§ Dataset content
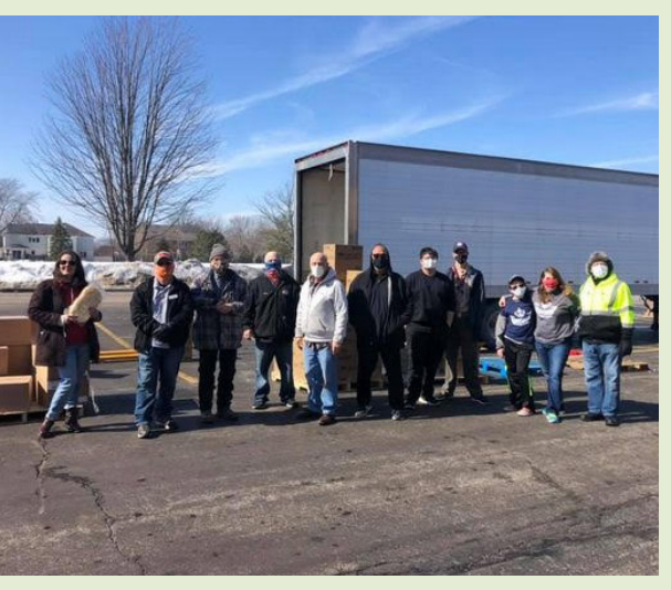
Thank you to all of our volunteers that have made our drive through food distribution events successful. Families receive boxes of dairy, produce, and meat at our pop-up pantries
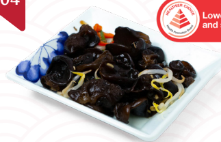
凉拌木耳 Black Fungus
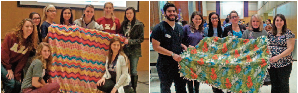
Small groups worked together to create colorful, comforting fleece blankets

Kindergartners, seniors, and every age in-between – especially WCU college students -- filled a ballroom at Sykes Student Union Jan. 22 to honor Dr. Martin Luther King, Jr.'s legacy by providing service to others.

§ What this task involves
Excluding pictures, print all lines above exactly.

§ Response box
Thank you to all of our volunteers that have made our drive through food distribution events successful. Families receive boxes of dairy, produce, and meat at our pop-up pantries
凉拌木耳 Black Fungus
Small groups worked together to create colorful, comforting fleece blankets

Kindergartners, seniors, and every age in-between – especially WCU college students -- filled a ballroom at Sykes Student Union Jan. 22 to honor Dr. Martin Luther King, Jr.'s legacy by providing service to others.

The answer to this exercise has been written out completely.